Title: The Renegade Wife
Author: Caroline Warfield
Genre: Historical Romance: Late Georgian Period (1832)
Desperate and afraid, Meggy Blair will do whatever it takes to protect her children. She’d hoped to find sanctuary from her abusive husband with her Ojibwa grandmother, but can’t locate her. When her children fall ill, she seeks shelter in an isolated cabin in Upper Canada. But the owner returns unexpectedly, and he’s furious to find squatters disrupting his self-imposed solitude.
Reclusive businessman Rand Wheatly had good reason to put an ocean between himself and the family that deceived him. He just wants the intrusive woman gone, but it isn’t long before Meggy and the children start breaking down the defensive walls he’s built. Their fragile interlude is shattered when Meggy’s husband appears to claim his children, threatening to have Rand jailed.

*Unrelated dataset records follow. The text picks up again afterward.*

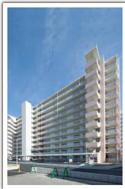
瓜破東住宅3号館建設工事 設計者: 大阪市 完成日: 2016年2月 構造・規模: RC造・11F・ 施工床面積9,680.45㎡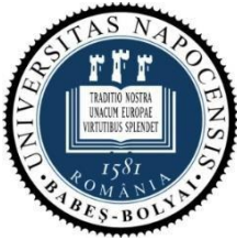
Universitatea "Babeș- Bolyai" din Cluj- Napoca, România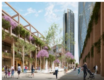
1 TRC CC BR.jpg Image Description: Reforma Colón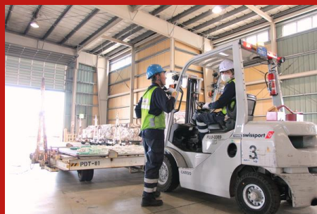
カーゴサービス Cargo Service

到着した飛行機の誘導(マーシャリング)から貨物の積み下ろし、ブリッジ操作・離陸準備(プッシュバック)・お見送りまでを出発時間までにチームで遂行します。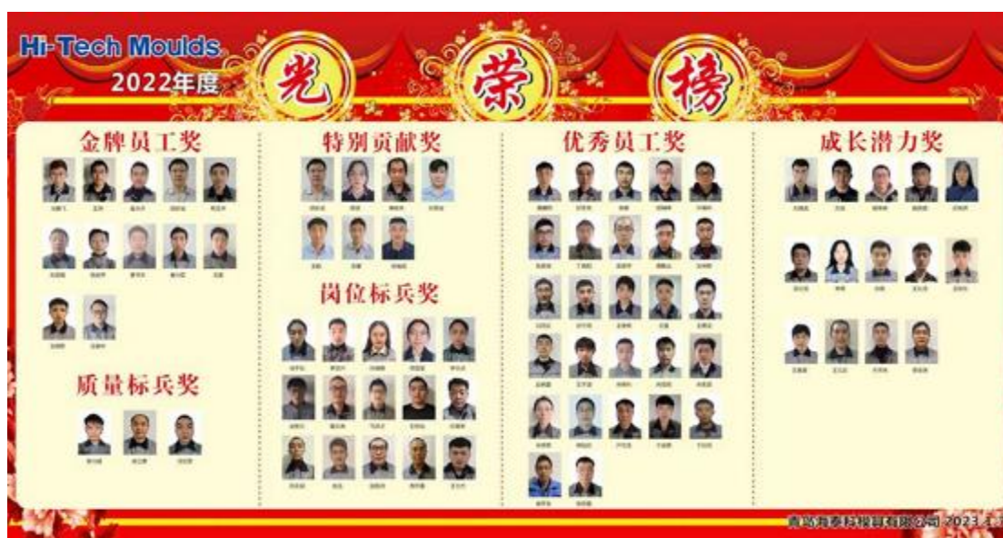
2022 年度公司表彰光荣榜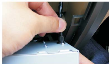
17 拔出CD机右侧的天线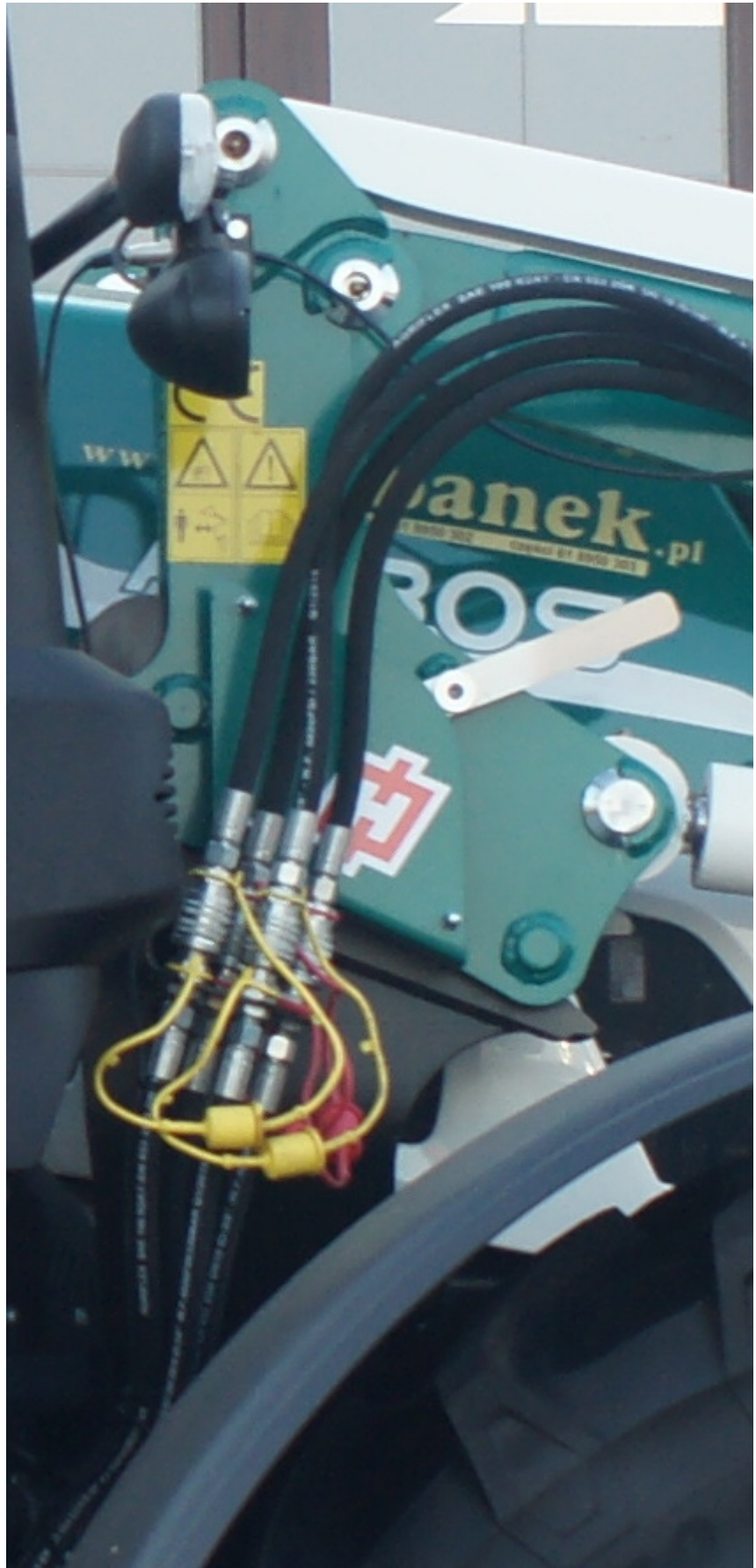
wyposażenie ładowacza xtreme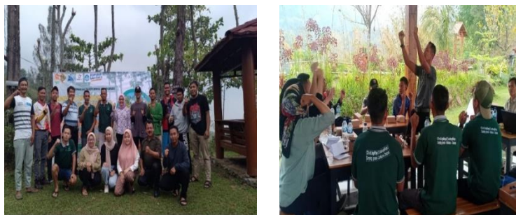
Gambar 8. Training of Trainer (ToT) Bangkit Maju Bersama Menjadi Lebih Baik

Para peserta diberikan kesempatan untuk belajar langsung dari praktisi dan ahli dalam penelolaan pariwisata serta melakukan sesi praktik langsung untuk menerapkan konsep-konsep yang dipelajari. Materi-materi yang disampaikan juga dirancang untuk memungkinkan para peserta menjadi pelatih ( trainer ) yang mampu mentransfer pengetahuan dan keterampilan yang mereka peroleh kepada rekan-rekan seprofesi di lingkungan mereka.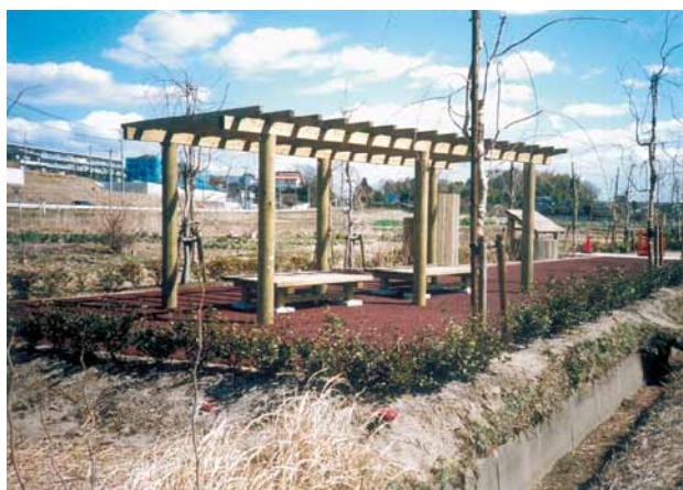
A-59 パーゴラ L7000×W3000×H2500 A-60 ベンチ L1800×W1200×H350 桧・タナリス防腐注入 表面保護塗料塗布 (ポケットパーク・市原市)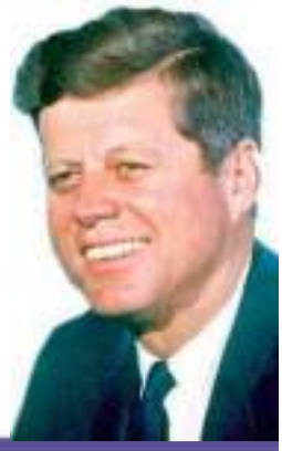
জন এফ কেনেডী প্ৰাক্তন মাৰ্কিন ৰাষ্ট্ৰপতি

শান্তি হৈছে ক্ৰমশঃ পৰিৱৰ্তিত মতৰ এক দৈনিক, সাপ্তাহিক আৰু মাহিলি প্ৰক্ৰিয়া। ই লাহে লাহে পুৰণি বাধা ওফৰায় আৰু নীৰৱে নতুন গাঁথনি নিৰ্মাণ কৰে।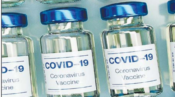
स्थानीय स्वयंसेवकों पर टीके की प्रभावकारिता और सुरक्षा को परखा जाता है, जिससे अब कंपनियों को छूट मिल गई है।

भारतीय दवा नियामक कंपनी यानी डीसीजीआई ने अब फाइजर और मॉडर्ना कंपनी को जल्द से जल्द भारत लाने के लिए इनके अलग से ट्रायल करने की शर्तों को हटा दिया है। आसान भाषा में समझें तो जिन वैक्सिन को अमेरिकी एफडीए और विश्व स्वास्थ्य संगठन से आपातकालीन इस्तेमाल की मंजूरी मिल गई है, उन्हें भारत में अलग से ट्रायल प्रक्रिया से नहीं गुजरना होगा। बता दें कि अभी तक किसी भी विदेशी कंपनी को भारत में कोरोना वायरस रोधी टीका शुरू करने से पहले ब्रिजिंग ट्रायल करना होता था। इसमें सीमित संख्या में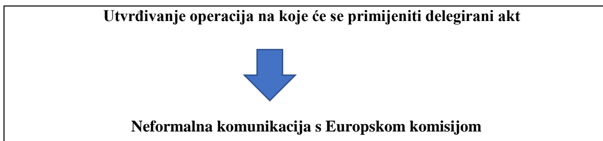
Slika 1. Proces donošenja delegiranog akta:

Kako bi dodatno potaknula zemlje članice na definiranje jediničnih troškova u projektima financiranim iz Europskog socijalnog fonda koji se zatim uključuju u delegirani akt, Europska je komisija objavila dodatne Smjernice 70 u kojima objašnjava prednosti donošenja delegiranog akta i potiče zemlje članice na dostavu prijedloga jediničnih troškova ili fiksnih iznosa. Preporučuje se delegiranim aktom definirati troškove u standardiziranim operacijama koje se provode kroz nekoliko godina i za koje su namijenjena značajna sredstva Europskog socijalnog fonda. Jedan od preduvjeta je i mogućnost jasnog definiranja pokazatelja rezultata i načina mjerenja postignuća. Ističu se prednosti donošenja delegiranog akta i u slučajevima kada nacionalno zakonodavstvo ne predviđa uporabu jediničnih troškova i fiksnih iznosa u međusobnom odnosu Upravljačkog tijela i korisnika. Tada je procedura verificiranja troškova korisnika utemeljena na stvarnim troškovima i detaljnim postupcima provjere i računovodstvenog evidentiranja pojedinačnih troškova, ali je procedura deklariranja troškova prema Europskoj komisiji pojednostavljena i definirana delegiranim aktom.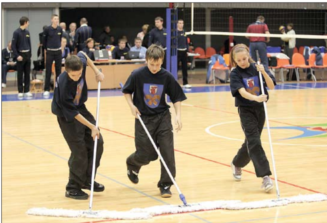
FOTO: Eiropas jauniešu volejbola čempionāta 2. kvalifikācijas kārtā tiesnešu palīgus pildīja topošie Jelgavas novada volejbolisti. Lai gan kādam var šķist, ka padot bumbas, noslaucīt laukumu, pacelt karogus ir nieks, darbs ir ļoti atbildīgs, un skolēni pret to izturējās nopietni.

Eiropas jauniešu volejbola čempionāta 2. kvalifikācijas kārtā piedalījās un par iekļūšanu finālā cīnījās Latvijas, Nīderlandes, Beļģijas, Anglijas, Slovākijas un Vācijas U-18 puīšu izlases. Tāpēc volejbola treneri augstu vērtē arī to, ka jaunajiem bija iespēja vērot, kā spēlē tādu volejbola lielvalsti kā Nīderlandi, Beļģiju un Vāciju jaunieši. «Dalība šajā čempionātā sko-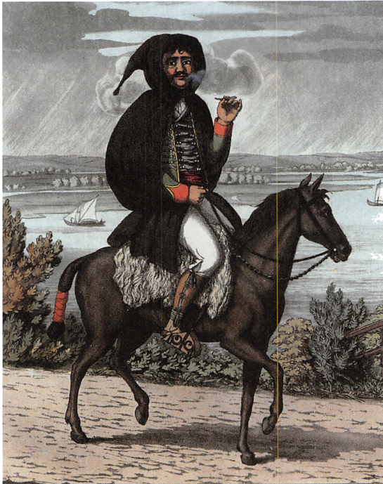
Menig soldat fra det spanske rytteriregiment Princesa med sin uundværlige cigaret.

Da Koldings borgere fik mod til at se dem nærmere an, var en af de ting, der virkelig adskilte dem fra andre soldater, at de alle fra den øverste general ned til den menige soldat dampede på disse små hvide cigaritos eller papircigarer , som man i starten benævnte cigaretten. Nok var man vant til, at soldater var rygere, men hidtil havde det været på lange piber eller tykke mørke cigarer, der afgav kraftige røgskyer.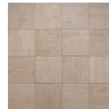
ベージュ(33) + ベージュ(33M) 5.6個/㎡ + 5.6個/㎡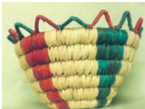
تصویر ۱۴-۱-۱- یک ظرف ساده حصیری

۵- بافتهای چوبی: این فن عبارت است از بافت اجزای انعطاف پذیر چوبی. حصیربافی از زیر مجموعه های این بخش می باشد و عبارت است از بافت الیاف چوبی (تصویر ۱۴-۱-۱).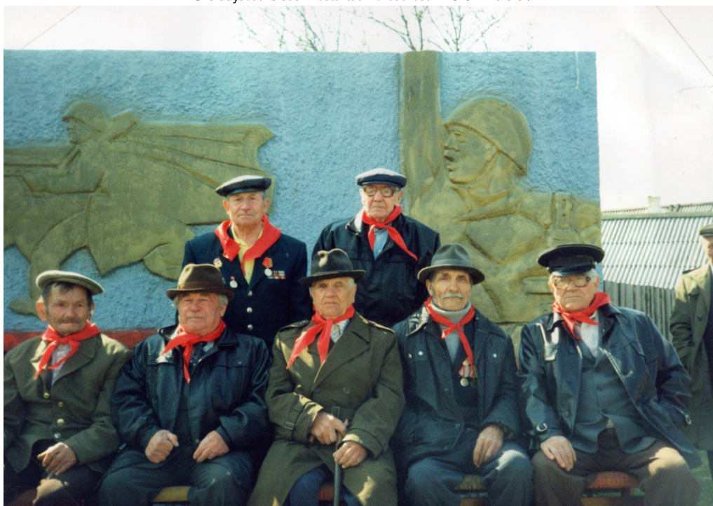
Не стареют душой ветераны 2005 год.

Как и много лет назад, у памятника собирается и стар и млад, чтобы отдать дань памяти тем односельчанам, что отдали свои жизни за мир на Земле.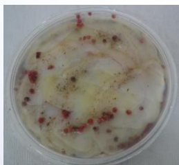
BACALAO AH. A LAS 5 PIMIENTAS 380g CÓDIGO: 03338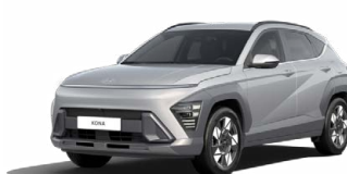
Shimmering Silver Metallic Metalická Kombinace dostupná také s černým lakováním střechy Cena: 17 900 Kč

The only way for Meggy to protect Rand is to leave him. Her husband takes her and the children to England, Meggy where discovers he’s far worse; what he’s involved in endangers all their lives. To rescue the woman who has stolen his heart, Rand must follow her and do what he swore he’d never do: reconcile with his aristocratic family and finally uncover the truth behind all the lies. But time is running out for them all.
Rand sipped some more. The hot liquid satisfied his taste buds and warmed his innards. He liked it. For some reason, that irritated him. “She has no business trying to bring me up sweet with soup.” He ignored the fact that she had made it for her children before he arrived. He refused to see her as a doting mother. “She’ll show her true self soon enough. They all do.”
Rand didn’t remember his own mother. His older sister took the role, and she had been good to him, at least until she married her earl and they sent Rand and his brother off to a hellish public school.
He swallowed more soup and closed his eyes. It did taste good.
“Mister, ah, sir? May I have a word?”
He jumped up at the sound, dumping Cat into the chair, and squeezed his eyes shut. Damned woman. Can’t she leave me at peace even in my own parlor?
“My name is Wheatly,” he growled. “You might have found that out before you broke into my house. What do you want? Did I fail to provide silk sheets and a down coverlet?”
She stood with her back to the stairs in the flickering candlelight. Her face turned red, and she swallowed hard. “Of course not. I came down to thank you. The willow bark seemed to help. She’s sleeping peacefully.”
“That makes one person in this damned house. Is that all?” he growled.
She pushed away from the door. “If you’re finished, I’ll clear up your dishes.”
“Damn it, woman. I fend for myself here.” He scrutinized her from crown to toe, taking time to examine her deep blue eyes, midnight black hair, and dusky skin. “What are you? Gypsy? Is that where you learned how to diddle a man out of his belongings?”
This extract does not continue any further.